Methanesulfonic anhydride (Ms2O) is the acid anhydride of methanesulfonic acid. Like methanesulfonyl chloride (MsCl), it may be used to generate mesylates (methanesulfonyl esters).

Preparation & purification
Ms2O may be prepared by the dehydration of methanesulfonic acid with phosphorus pentoxide.
P2O5 + 6 CH3SO3H → 3 (CH3SO2)2O + 2 H3PO4

Ms2O can be purified by distillation under vacuum (distillation of a solid) or by recrystallized from Methyl tert-butyl ether/toluene.

Reactions & Applications in synthesis
Passage of hydrogen chloride through molten Ms2O yields MsCl.

Similar to MsCl, Ms2O can perform mesylation of alcohols to form sulfonates. Use of Ms2O avoids the alkyl chloride, which often appears as a side-product when MsCl is used. Unlike MsCl, Ms2O may not be suitable for mesylation of the unsaturated alcohols.

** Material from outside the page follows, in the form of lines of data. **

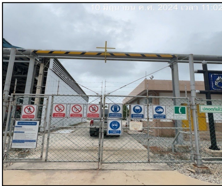
ป้ายเตือนความปลอดภัยบริเวณสถานี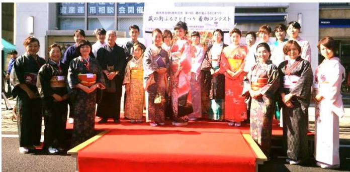
「蔵の街ふるさとまつり着物コンテスト」2015

栃木商工会議所青年経営者会、女性メンバー5人にて2015.4月に発足。 経営者である私たちが、生まれ故郷である栃木市を着物で町おこしをしたいと考え、設立しました。2015.11月には、「着物コンテスト」を開催し、また、2016.8には蔵の街サマーフェスタにて「浴衣COLLECTION」を開催、大成功を収めることができました。これからも、日本の伝統、文化を継承しつつ、蔵の町並みに合う「着物」を通して地域活性化を試みております。宜しくお願い申し上げます。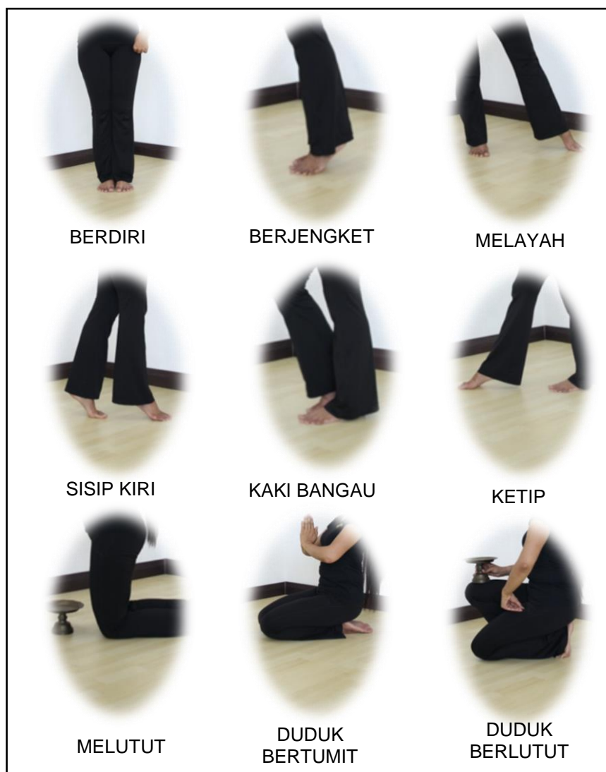
Gambar 1.6: Posisi pergerakan kaki

Examples of mesylation of alcohols with Ms2O:
 Octadecyl methanesulfonate was prepared from octadecanol in pyridine.
 Secondary alcohol at the anomeric carbon of 2,3,4,5-O-Benzyl-protected glucose reacted to form a glycosyl mesylate, which was found to be more stable than its triflate counterpart, in 2,4,6-collidine.

Ms2O also converts amines to sulfonamides.

Aromatic sulfonation

Assisted by Lewis acid catalyst, Friedel-Crafts methylsulfonation of aryl ring can be achieved by Ms2O. In contrast to MsCl, either activated or deactivated benzene derivatives can form the corresponding sulfonatesin satisfactory yields with Ms2O.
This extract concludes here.